* **What you should do**:
Take the entries below and reproduce exactly the portion that begins at the line containing "The Road Burner" and ends at the line containing "在甘肅省臨夏回族自治州廣河縣", keeping both ends, dropping pictures, and adding nothing else.

---------- The records

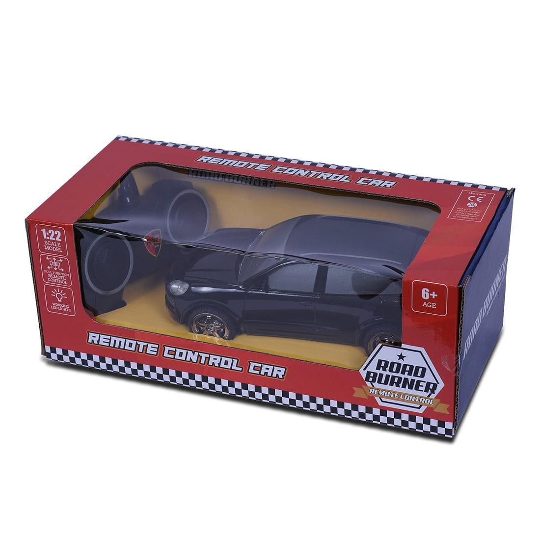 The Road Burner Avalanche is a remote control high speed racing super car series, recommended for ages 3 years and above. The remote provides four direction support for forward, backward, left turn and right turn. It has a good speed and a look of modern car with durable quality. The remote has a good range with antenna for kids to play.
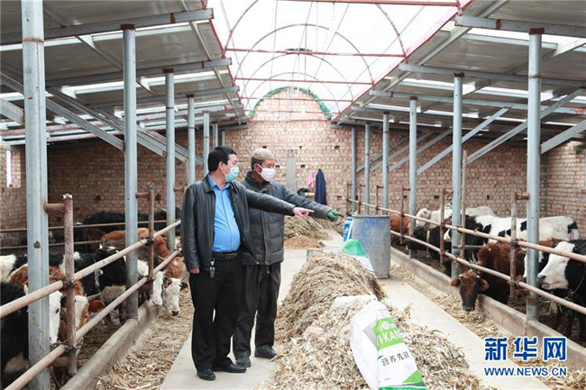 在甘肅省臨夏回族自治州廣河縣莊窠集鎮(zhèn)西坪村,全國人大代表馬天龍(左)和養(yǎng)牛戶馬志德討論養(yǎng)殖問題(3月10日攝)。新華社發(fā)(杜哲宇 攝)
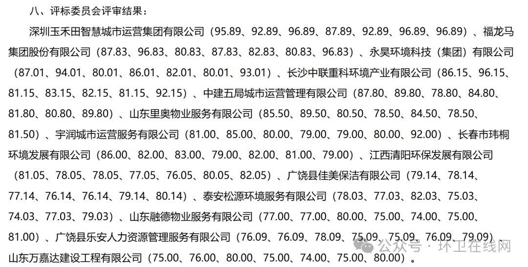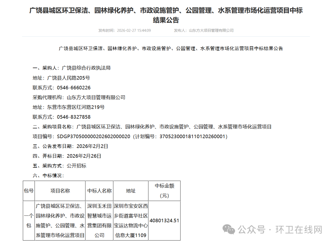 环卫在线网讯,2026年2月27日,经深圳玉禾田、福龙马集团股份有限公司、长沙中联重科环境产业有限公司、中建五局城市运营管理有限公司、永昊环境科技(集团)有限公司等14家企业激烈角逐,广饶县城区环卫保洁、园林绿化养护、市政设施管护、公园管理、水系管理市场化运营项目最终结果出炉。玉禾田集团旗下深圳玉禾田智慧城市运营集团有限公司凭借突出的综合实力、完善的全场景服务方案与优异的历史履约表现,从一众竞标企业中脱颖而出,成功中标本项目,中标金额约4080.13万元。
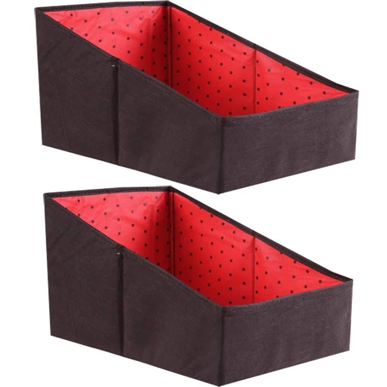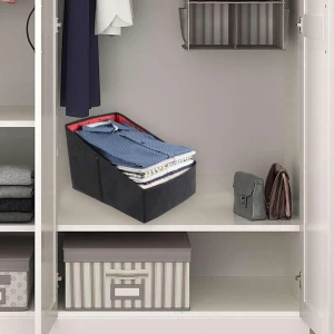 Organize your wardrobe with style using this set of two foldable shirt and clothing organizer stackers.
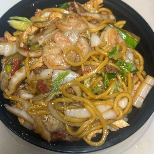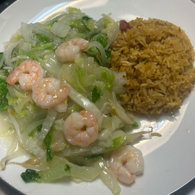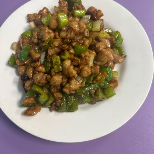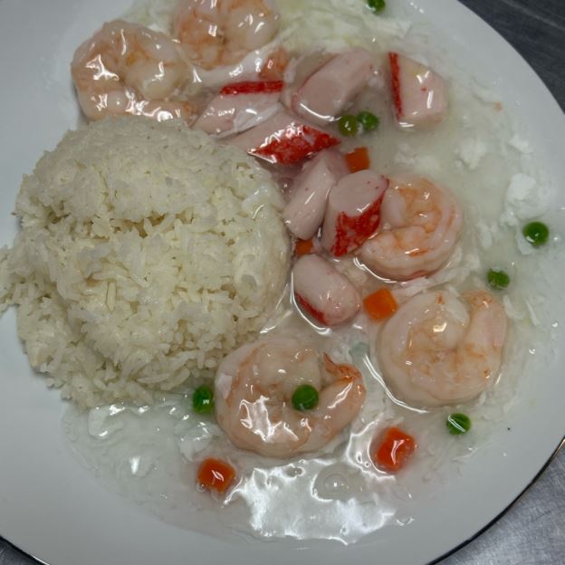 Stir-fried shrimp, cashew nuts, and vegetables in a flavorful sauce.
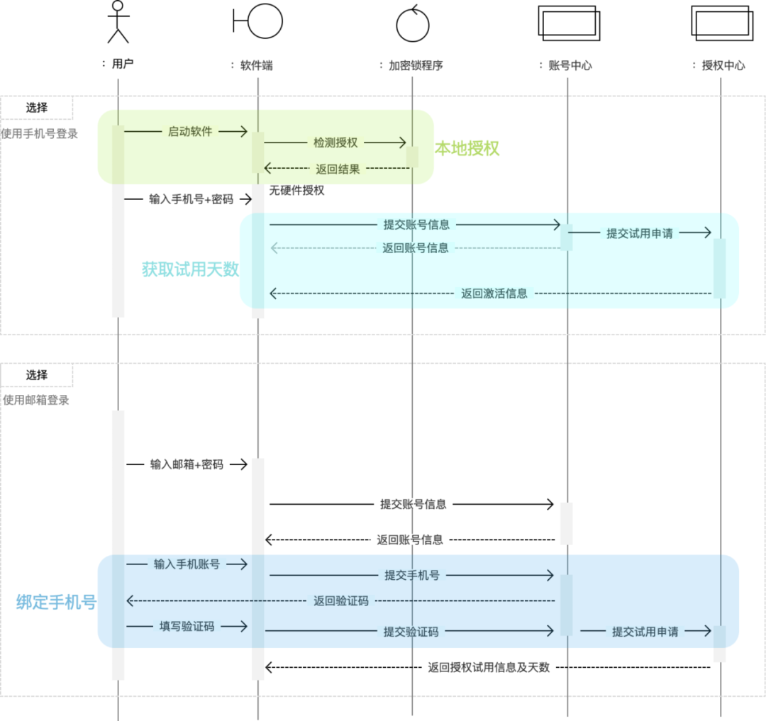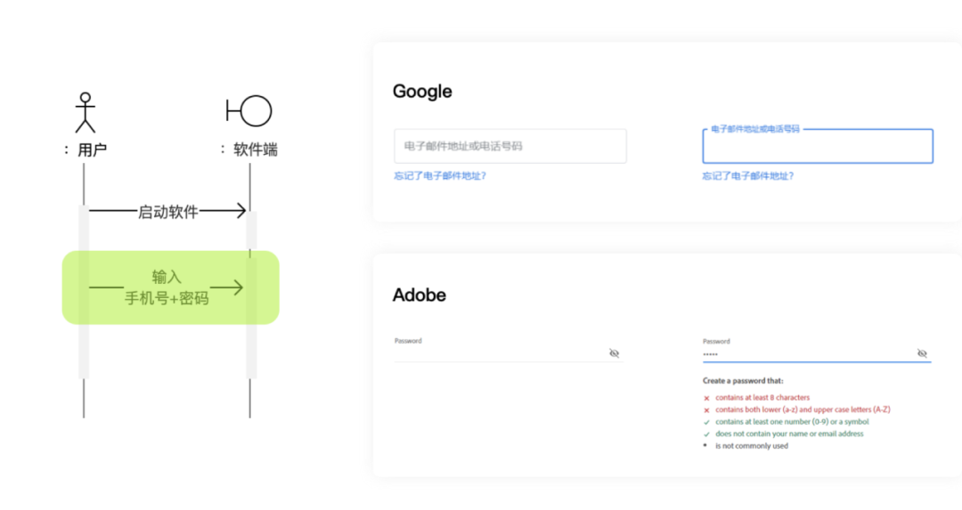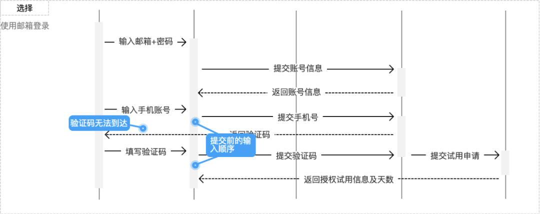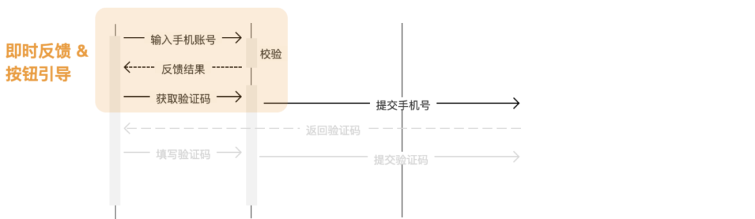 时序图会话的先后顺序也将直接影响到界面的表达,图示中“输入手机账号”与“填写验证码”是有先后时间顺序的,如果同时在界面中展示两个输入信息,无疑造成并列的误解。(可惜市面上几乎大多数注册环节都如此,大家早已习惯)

--------------------
---------- The records

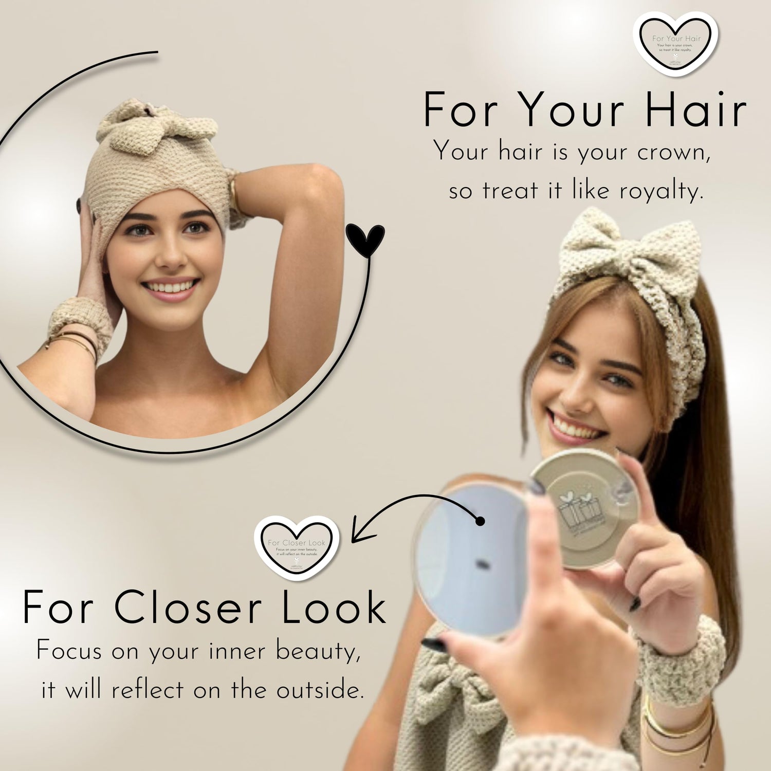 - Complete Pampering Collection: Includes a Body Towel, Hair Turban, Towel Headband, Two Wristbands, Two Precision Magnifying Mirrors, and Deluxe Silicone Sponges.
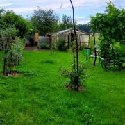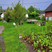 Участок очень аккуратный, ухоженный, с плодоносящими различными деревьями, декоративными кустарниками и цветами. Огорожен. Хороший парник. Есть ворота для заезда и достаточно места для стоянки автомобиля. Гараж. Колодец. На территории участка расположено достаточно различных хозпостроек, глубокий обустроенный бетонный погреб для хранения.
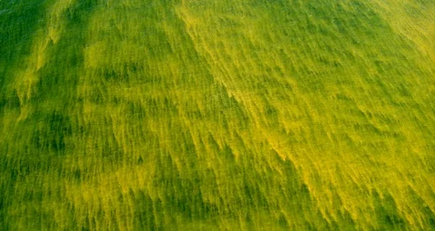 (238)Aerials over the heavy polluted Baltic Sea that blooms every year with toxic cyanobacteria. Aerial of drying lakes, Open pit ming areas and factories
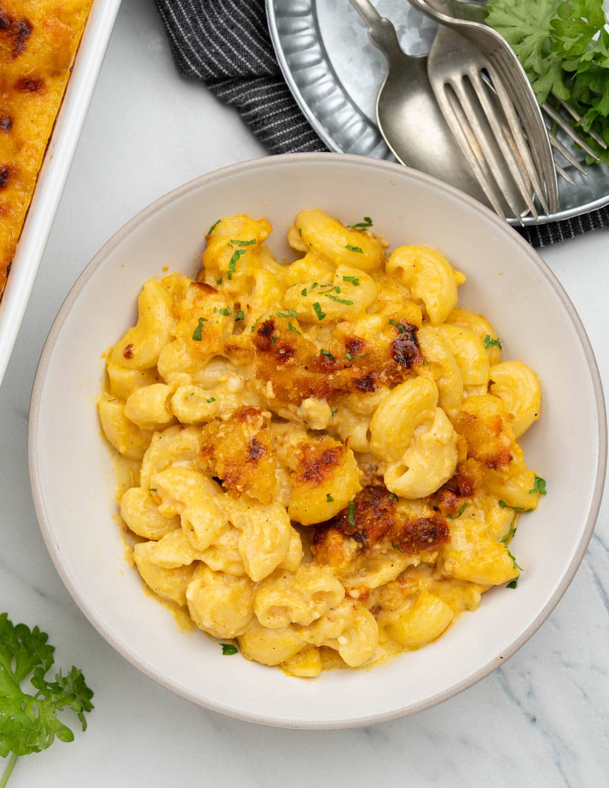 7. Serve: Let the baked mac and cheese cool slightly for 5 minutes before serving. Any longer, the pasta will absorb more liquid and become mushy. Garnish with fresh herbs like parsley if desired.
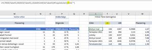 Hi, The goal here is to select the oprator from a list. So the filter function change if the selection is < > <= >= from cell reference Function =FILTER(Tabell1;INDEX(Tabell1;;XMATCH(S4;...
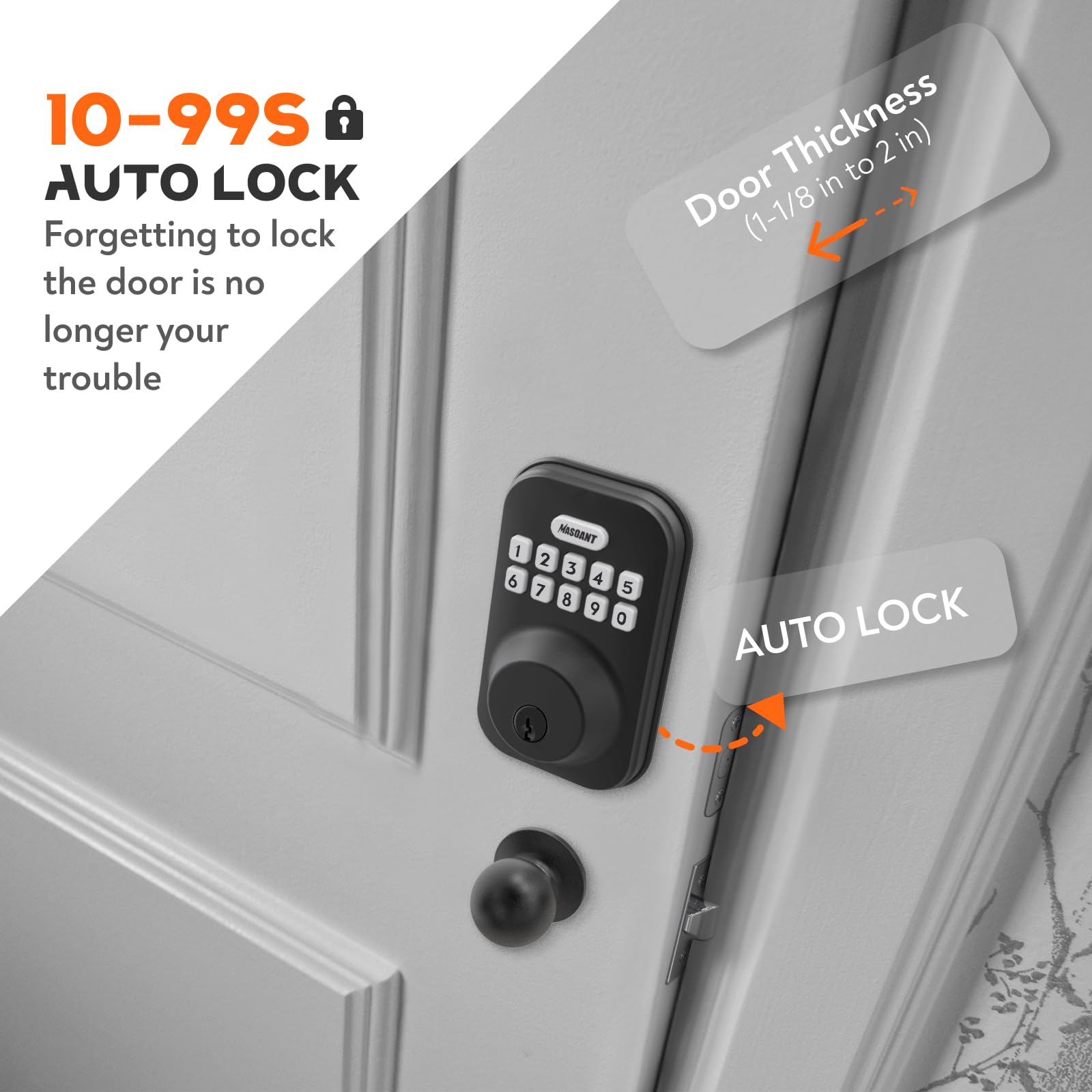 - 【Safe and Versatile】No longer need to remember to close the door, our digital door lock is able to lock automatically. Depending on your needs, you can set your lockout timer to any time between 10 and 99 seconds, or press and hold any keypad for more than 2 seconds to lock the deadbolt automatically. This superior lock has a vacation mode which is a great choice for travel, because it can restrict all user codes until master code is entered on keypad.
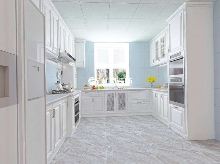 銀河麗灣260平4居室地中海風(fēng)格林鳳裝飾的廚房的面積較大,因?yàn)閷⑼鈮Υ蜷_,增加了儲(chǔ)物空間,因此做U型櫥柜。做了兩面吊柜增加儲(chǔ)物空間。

--------------------
---------- The records

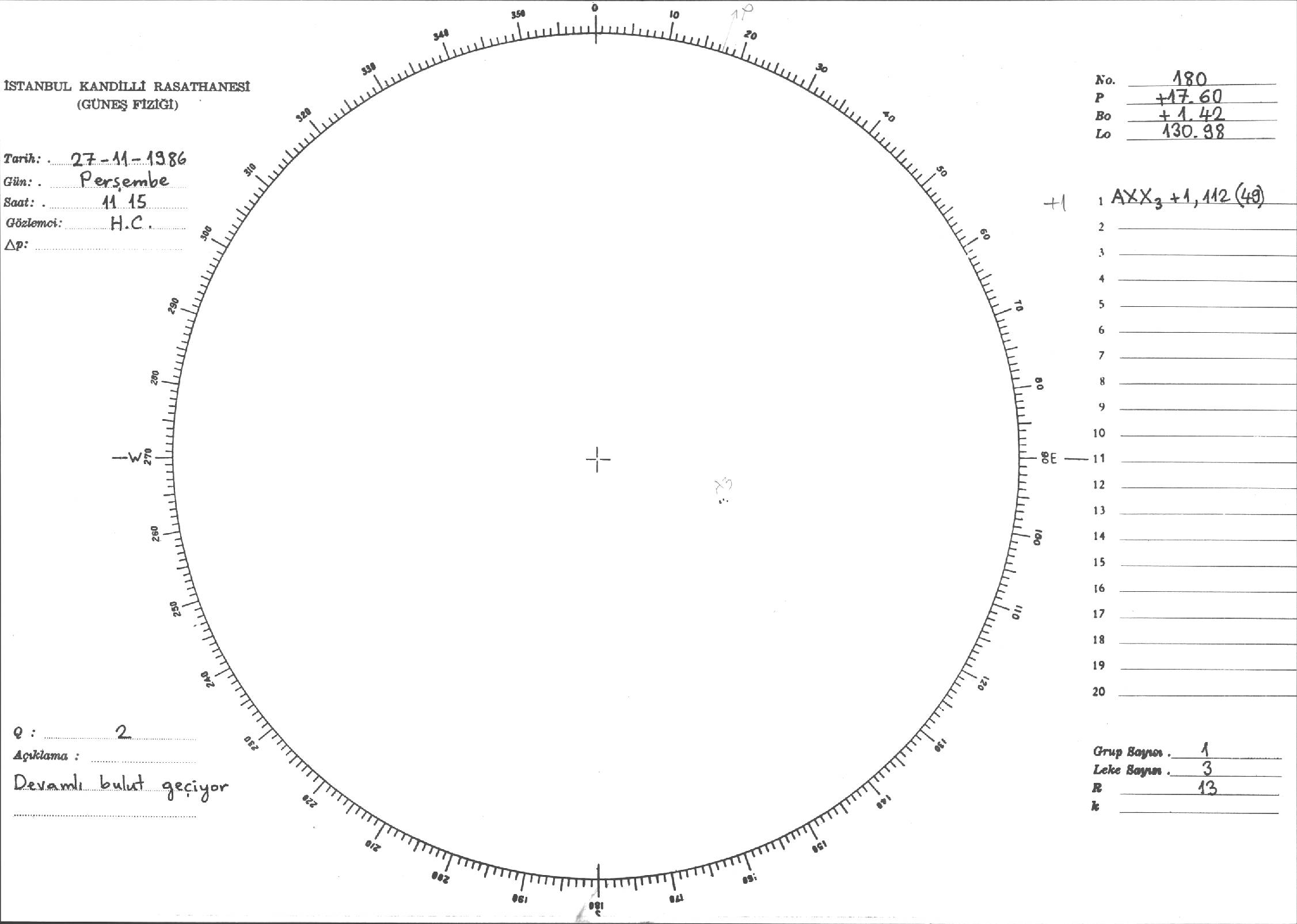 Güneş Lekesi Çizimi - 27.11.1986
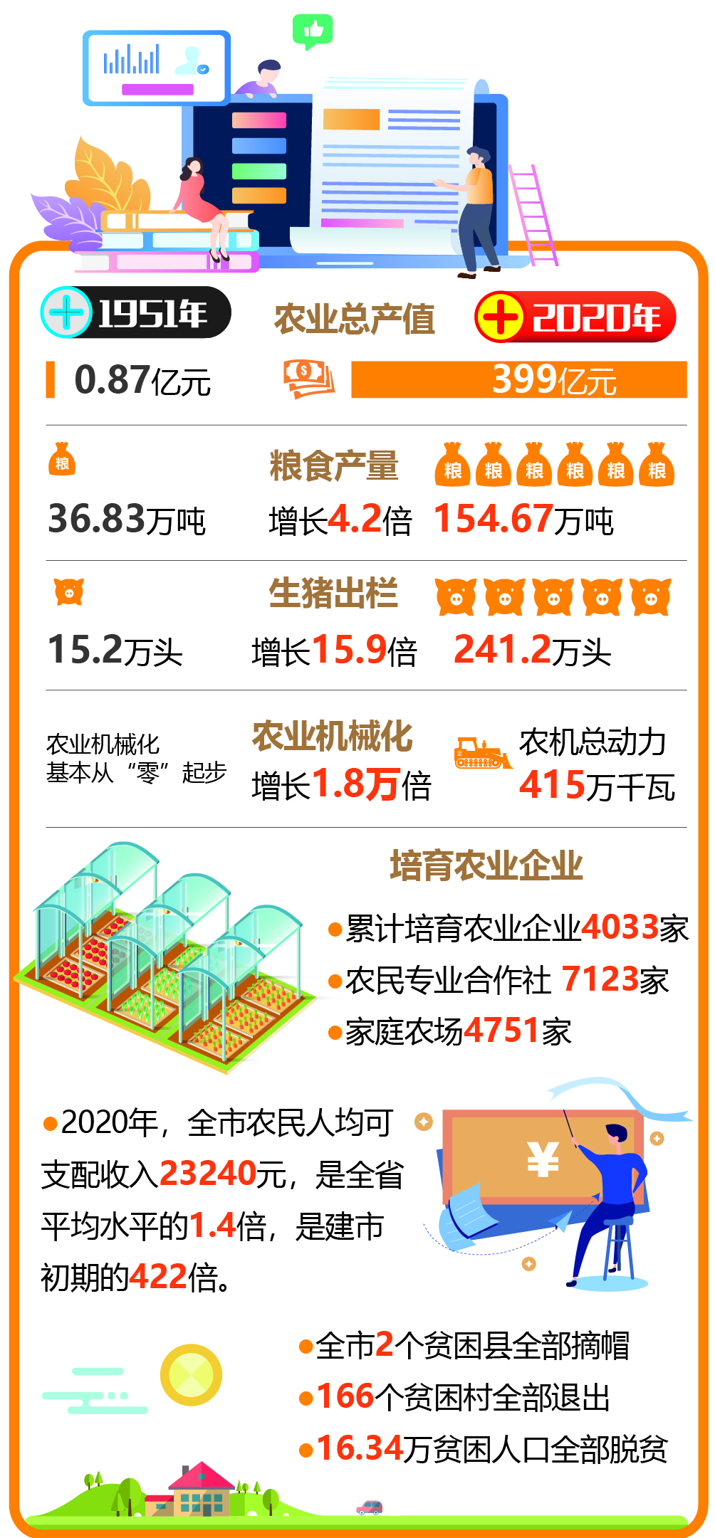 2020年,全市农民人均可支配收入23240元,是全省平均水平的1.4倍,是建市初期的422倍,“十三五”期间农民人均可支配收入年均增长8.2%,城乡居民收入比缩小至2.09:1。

--------------------

* **Exercise output**:
 The Road Burner Avalanche is a remote control high speed racing super car series, recommended for ages 3 years and above. The remote provides four direction support for forward, backward, left turn and right turn. It has a good speed and a look of modern car with durable quality. The remote has a good range with antenna for kids to play.
 在甘肅省臨夏回族自治州廣河縣莊窠集鎮(zhèn)西坪村,全國人大代表馬天龍(左)和養(yǎng)牛戶馬志德討論養(yǎng)殖問題(3月10日攝)。新華社發(fā)(杜哲宇 攝)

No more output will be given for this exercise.